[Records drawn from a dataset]

□ □ □ □ □

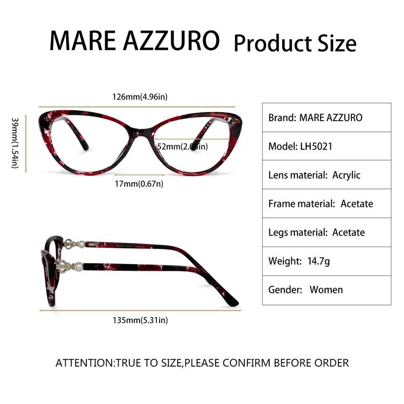MARE AZZURO Progressive multifocal Blue Light Blocking Reading Glasses For Women Cateye (R-Red, 200)
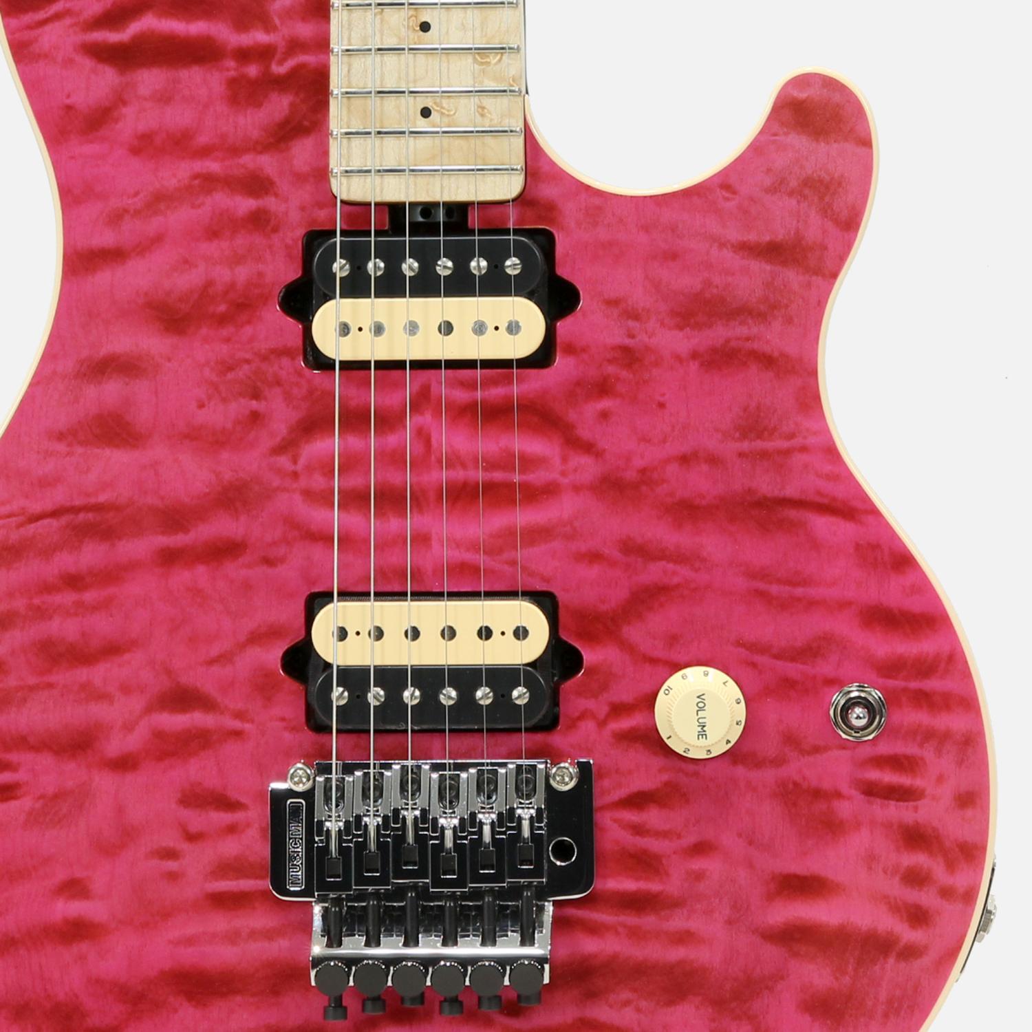 ピックアップには、専用に開発されたディマジオ・カスタム・ピックアップがダイレクト・マウントされ、トレモロ・システムは、深いアーミングが可能なフロイドローズ・ライセンス・トレモロをノンフローティングでセットした仕様となっています。
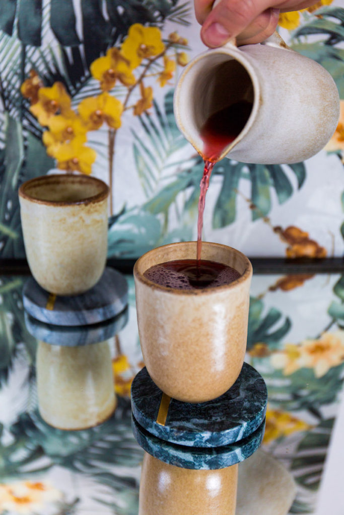 Method: Simmer on low heat for an hour. Serve warm or over ice. Glass: Ceramic cup Garnish: Fruit slices
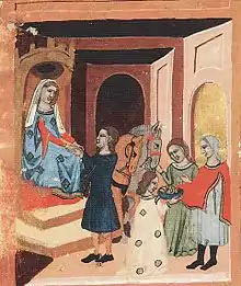 ![]() Drahomíra hiring the assassins of Saint Ludmila, Chronicle of Dalimil, c. 1330 | |
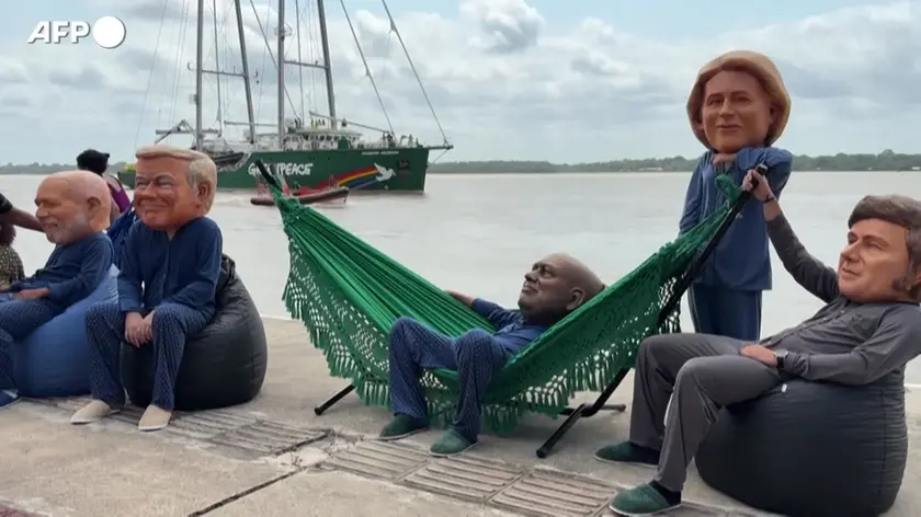 Cop30, attivisti con maschere giganti dei leader mondiali protestano in Brasile

□ □ □ □ □

PROBLEM DETAILS - The answer must match the entries above line for line, with the pictures dropped.

SOLUTION FOR THIS PROBLEM -
MARE AZZURO Progressive multifocal Blue Light Blocking Reading Glasses For Women Cateye (R-Red, 200)
 ピックアップには、専用に開発されたディマジオ・カスタム・ピックアップがダイレクト・マウントされ、トレモロ・システムは、深いアーミングが可能なフロイドローズ・ライセンス・トレモロをノンフローティングでセットした仕様となっています。
 Method: Simmer on low heat for an hour. Serve warm or over ice. Glass: Ceramic cup Garnish: Fruit slices
 ![]() Drahomíra hiring the assassins of Saint Ludmila, Chronicle of Dalimil, c. 1330 | |
 Cop30, attivisti con maschere giganti dei leader mondiali protestano in Brasile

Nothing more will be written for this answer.